Prepare for the Future by Remembering the Past

by Frank Lesh January 5, 2018

What really surprised me after I became a home inspector was something I never contemplated (although I guess that’s one definition of being surprised). Although I had been in the repair and remodeling industry for almost 20 years, I had a couple of rude awakenings once I stumbled into the home inspection profession. The first was how much I really didn’t know. In my career leading up to home inspections, I had been a jack-of-all-trades, doing plumbing, electrical, carpentry, roofing and concrete work. Add a little welding and deck building, and I thought I was pretty hot stuff.

After my first day at the ASHI ’89 International Conference, which is what InspectionWorld® was called back then, it dawned on me that I didn’t know squat. Here’s an excerpt from my column in the ASHI Reporter from 10 years ago: 

Friday’s session is forever embedded in my memory. It was the gas forced-air heating session. The hot topic of the day was the dreaded cracked heat exchanger and how to detect it. Using a mirror to look for cracks could help, albeit only where one could see. But there was a lot of buzz after the session and I remember an old salt saying, “Essence of wintergreen, my friends. You carefully pour a few drops in the heat exchanger, then turn the blower on, go to a register and sniff. If you smell wintergreen, you’ve got yourself a crack in the H.E., pilgrim. Try not to inhale any when you pour it…that’s all you’ll smell the rest of the day.”

Needless to say, all I could smell for the next couple of days were Christmas trees. After finding out wintergreen didn’t work, I invested in a sonic sound tester. You placed the sender device into a chamber of the heat exchanger and the receiver at a heat register. If you heard the sound at the receiver, then ta-da! You had a crack because the sound went through the crack. Yeah, right.

The next foolproof method of finding cracks in a heat exchanger was to gain access to the top of the unit and spray water (or even WD-40 on it). Oh my, what a mess. Needless to say, there was no easy way to find that holy grail.

Lesson 1: Shortcuts typically are wrought with detours, roadblocks and hours of wasted time.

So, after realizing there are no easy routes, I traveled down the path of learning everything I could from the guys who’d been down that road before. I attended every seminar I could, read everything I could lay my eyes on and, most importantly, listened to what smarter folks than me were willing to share.
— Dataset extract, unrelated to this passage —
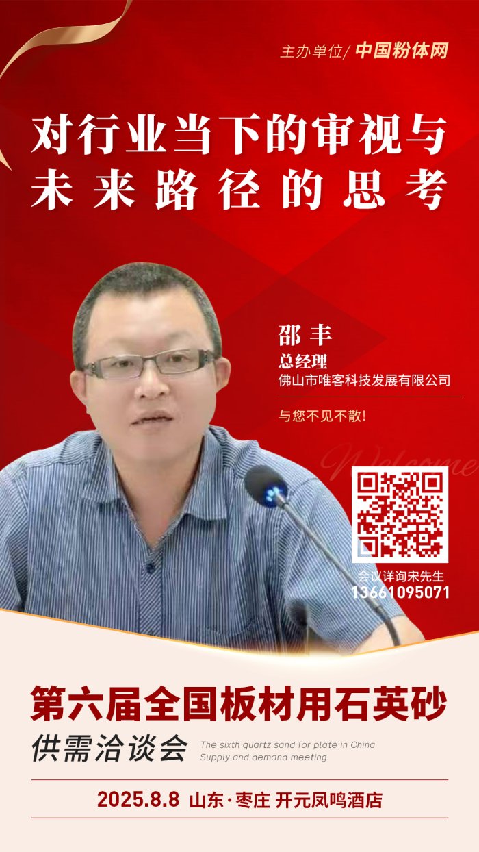 2025年8月8日,由中國粉體網(wǎng)主辦的第六屆全國板材用石英砂供需洽談會即將在山東棗莊召開,佛山市唯客科技發(fā)展有限公司總經(jīng)理邵豐將做《對行業(yè)當下的審視與未來路徑的思考》的報告,屆時,他將圍繞該核心議題展開詳細解讀。

Lesson 2: You never learn everything there is to know because the inspection world keeps changing.

So, what’s going to be different this year? One thing I’m certain of is that products will be “value-engineered” and methods of inspecting them will have to be found.

But this is where we have to utilize the second part of the title of this article: Remembering the Past. Our clients are still going to want an inspection that they can count on to make the biggest financial decision of their lives. So, although using Google to ask a question may give you countless answers, that method of learning is just like finding out about yesteryear’s “wintergreen” or “sonic crack detector.”

There is no substitute for learning on your own and from others’ mistakes. You just have to be wise enough to not dismiss the past as a waste of time. You may not want to admit it, but the past is what brought you here.